Football stadium in Santiago del Estero, Argentina

Estadio Doctores José y Antonio Castiglione or simply Estadio Doctores Castiglione is a football stadium located in the city of Santiago del Estero, in the province of the same name, Argentina. The venue is located in the "Barrio 8 de Abril" on Roca Sur Avenue and Tres de Febrero Street, it has a capacity for 21,000 people and is owned by the Club Atlético Mitre that plays in the Primera B Nacional, the second category of professional football in Argentina.

It is recognized as one of the stadiums with the best grass in the Argentine Northwest.

== History ==

=== Opening and first match ===
On June 10, 1919, it arose when the club's leaders decided to create the stalls, to have at least one "stand" to be able to play matches in the Santiagueña Soccer League and also to play friendlies, and they were going to inaugurate it in the match against Peñarol de Montevideo, of which the result is unknown due to its age and because there is no living witness to that mysterious result. Until that time, the stadium had a stall for 1,000 spectators (which is still standing today) and an Olympic fence where people were also located behind the fence.

The big Argentine and continental teams also visited the Miter facilities. It is remembered when, in the '60s, the National Team played a friendly. The clubs also made their way: Peñarol de Montevideo inaugurated the field. Boca Juniors (who was defeated in 1966) and River Plate also left behind Monumental, for whom Aurinegro -in 1984- turned the game around In 35', he beat him 6–3, and caused the dismissal of his coach Luis Cubilla. He also knew how to play against Independiente (against whom he debuted artificial light), San Lorenzo, Huracán, and the signatures.

=== Important Match ===
July 25, 1984, was not just another day for Aurinegros fans. On that day, the current stadium, which has a capacity of almost 9000, was inaugurated.

The inaugural game was against none other than Enzo Francescoli's Club Atlético River Plate. Mitre claimed a 6–3 victory and became the only team in history to score 6 goals in 35 minutes against River Plate.

In total the Institution collected around 800,000 thousand Argentine pesos.

==== Name change ====
In the years after 2017, the fans had the proposal to change the name of the stadium, to that of Arnaldo "Cacho" Sialle, Technical Director who achieved promotion with Mitre, He directed 29 games in the 2017-18 and 5 dates in the 2018-19 Primera B Nacional. He also directed the Match against Racing Club of Avellaneda, and progressed to the round of 32 of the Copa Argentina.

== Origin of name ==
The name of the stadium honors the names of the brothers José F.L. Castiglione, who directed the newspaper El Liberal de Santiago del Estero until his death in 1972 and Antonio Castiglione, businessman, founder of the first radio station in the province in 1937 with LV11 Radio del Norte, and of the first television station in Noroeste Argentino founding Telesiete Santiago through its company CAS TV S.A. in 1965, president of the club and provincial deputy in two periods, 1924 and 1940.
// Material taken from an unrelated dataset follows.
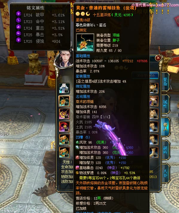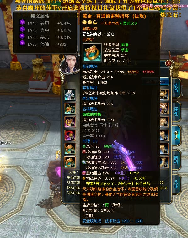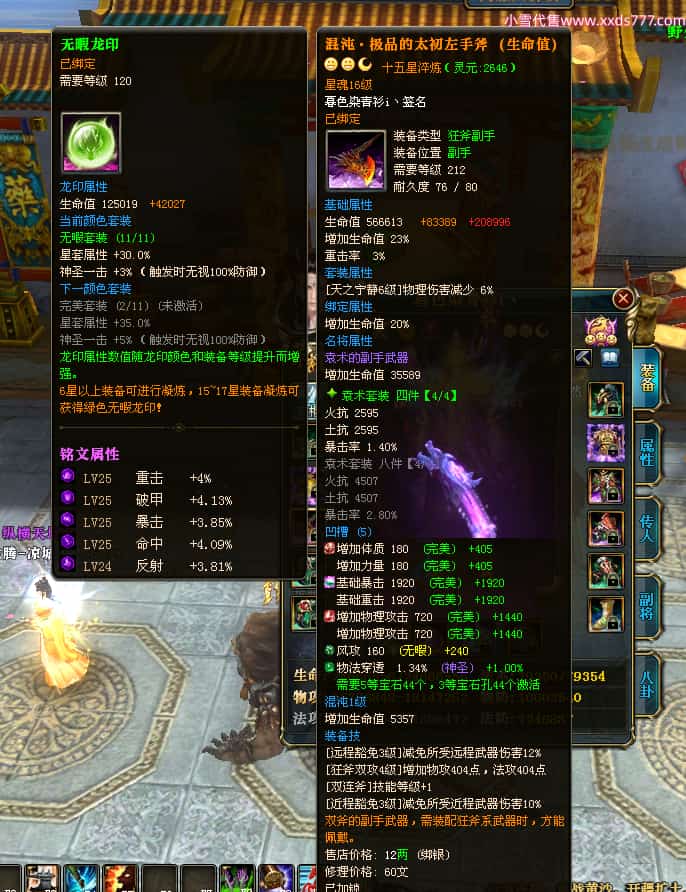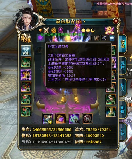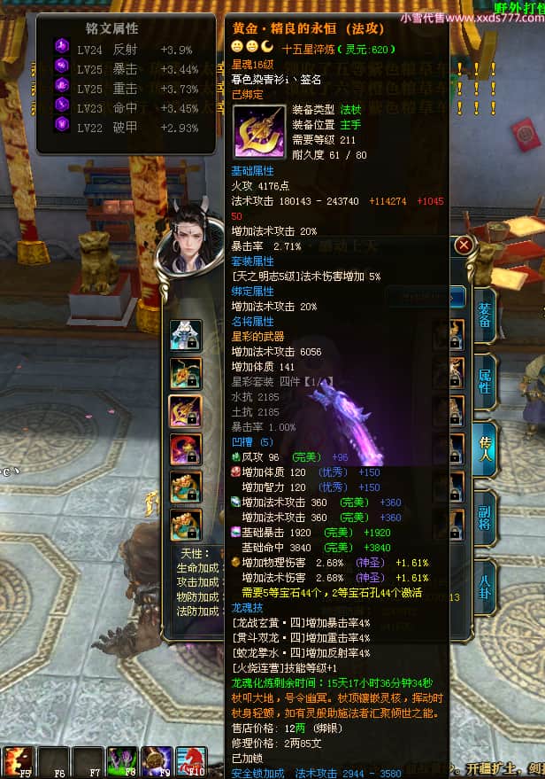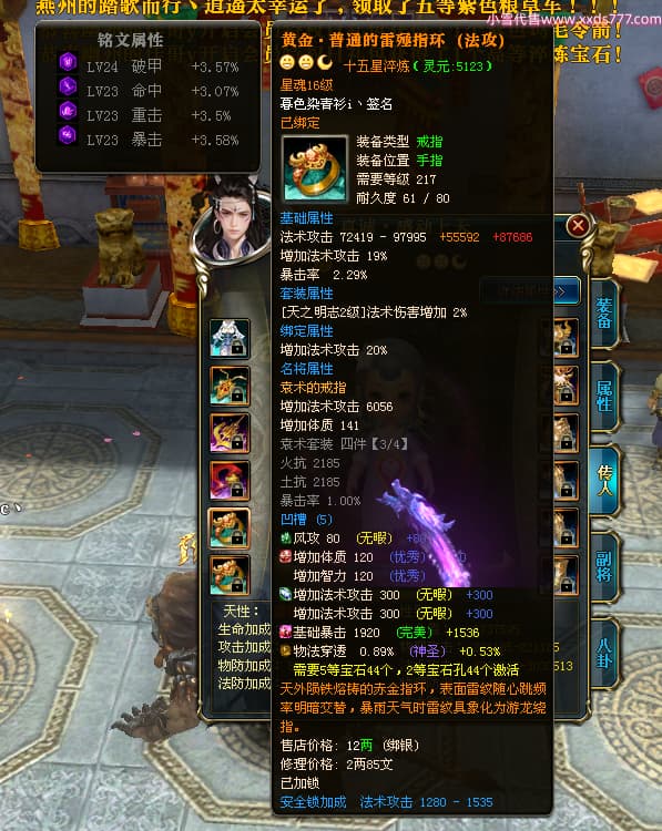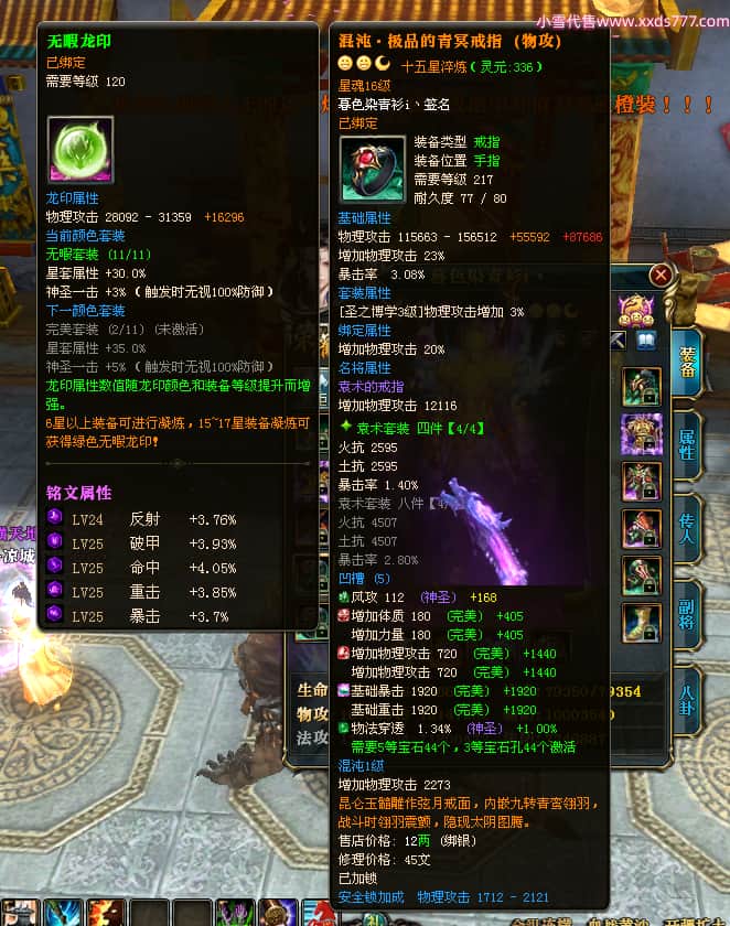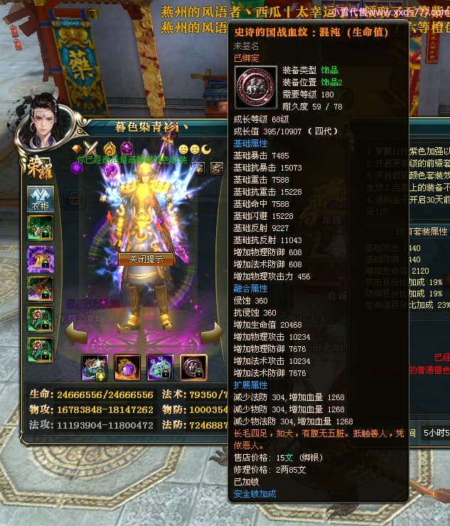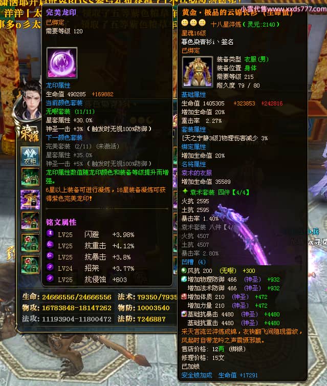 编号T23551 暮色染青衫i丶 龙腾问鼎 豫州 世界排名66名 26042W战力 人物黄金精良橙15X(2件18X8件混沌) 传人黄金普通橙15X 副将史诗紫12X 马加强橙13X 极品紫16披风 人物星魂16级 传人星魂16级 副将星魂8级 马星魂16级 人物铭刻1件18级1件17级1件16级其余15级 人物衣服点亮18其他16星 马铭刻15级 点亮14星 人绿龙印(2件紫龙印) 马绿龙印 六等单双属性神圣完美无暇石头 绿孔

== Well-known people who stepped on the green grass of the Castiglione Stadium ==
When the history of Aurinegro, the Dean of Santiago football, is reviewed, it will be evident that great figures such as:

Javier Zanetti, Diego Milito, Gabriel Milito, Gabriel Brazenas, Ricardo Caruso Lombardi, Fernando Gago, Ricardo Centurión, "El burrito" Ortega, Sebastián Saja, Enzo Francescoli, Norberto Alonso, Daniel Passarella, el Loco Gatti, Antonio Roma, Silvio Marzolini, Antonio Rattín, Alberto Spencer (top scorer of the Copa Libertadores ),el Bambino Veira, Ángel Labruna, el Tolo Gallego, Mustard Merlo, Héctor Enrique, Argentine National Team and Uzbekistan U-20 (2023 squads) and many others from local and international football.

== Stadium Division ==
The stadium has a capacity for 21,000 people. The Doctores Castiglione is the third largest stadium in the province of Santiago del Estero, surpassed by the new and world-class Estadio Único Madre de Ciudades, owned by the Government of the province of Santiago del Estero and the Estadio Alfredo Terrera property of Club Atlético Central Córdoba.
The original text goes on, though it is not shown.